Грант, сделав глубокий вдох, подмигнул:

— Эмори ведь просила. А Хауптманн мариновал подопытных до тех пор, пока те не уясняли, что именно требуется говорить. И каких результатов он добивался. А ази всегда желает угодить Старшему.

— Черт возьми, Грант, но все это можно сказать и об Эмори!

— Но Эмори оказалась права. А Хауптманн ошибался. Вот и вся разница.

— Обучающая лента влияет на работу эндокринной системы. Периодически.

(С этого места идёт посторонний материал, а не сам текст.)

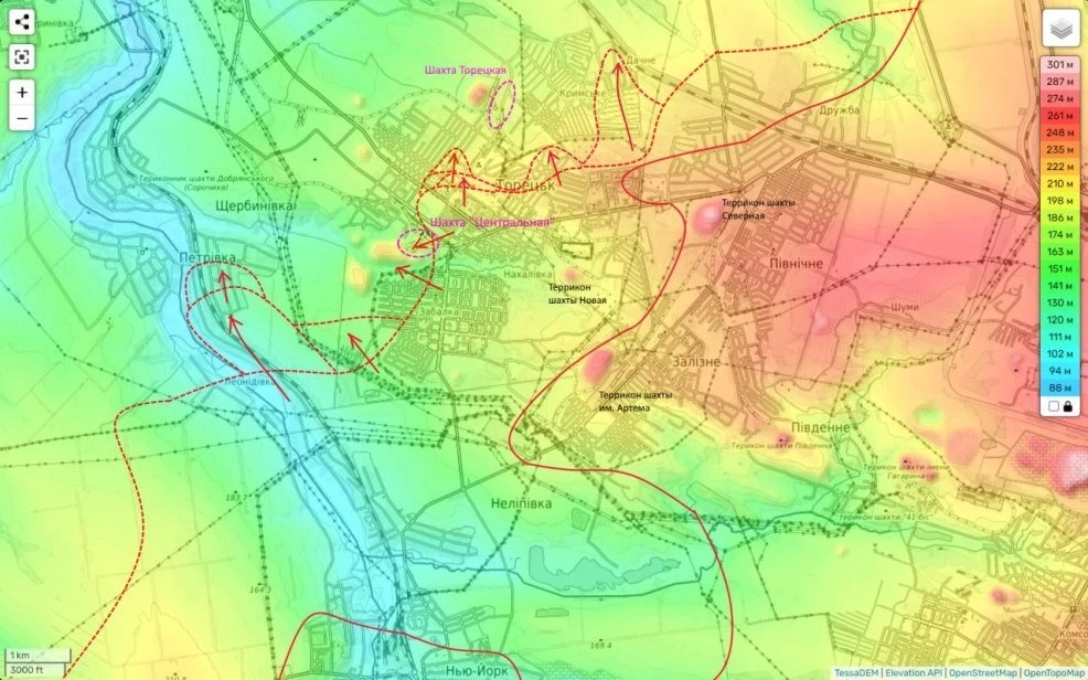 Вчера мы продолжали двигаться. Как в центре города (по направлению к шахте «Торецкая»), так и в районе Забалка (к терриконам шахты «Центральная»).
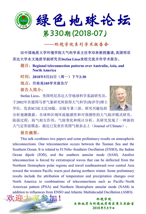 绿色地球论坛第330期(2018-7) ——18小说 系列学术报告会 题目:Regional teleconnection patterns over Australia,Asia, and North America 时间:2018年5月21日(周一)下午14:30 地点:丹桂苑105学术报告厅

Прокатай мне нужную обучающую ленту — и я прыгну столько раз, сколько ты прикажешь. И частота моего пульса будет равна частоте твоего.

— Но ведь я всего лишь составитель обучающих лент. Когда я стану таким же старым, как Штрассен, я добьюсь успехов. Мне придется изучить эндокринологию. Потому-то пожилые ази с годами все больше напоминают урожденных людей. А иные и вовсе такими становятся. Вот почему со старыми ази столько хлопот. Второй отдел теперь устанет омолаживать наше сборище стариков.

Джастин испытал настоящий шок. Некоторые слова в Ресионе по общему молчаливому уговору не использовали: урожденные люди, старики, двор. Никогда не произносили «КВ», «ази», «город». Грант явно хватил лишнего.

— Посмотрим, есть ли разница, — пообещал Джастин, — в том, что именно кушала Ари Эмори на завтрак в день двенадцатилетия: белорыбицу или ветчину.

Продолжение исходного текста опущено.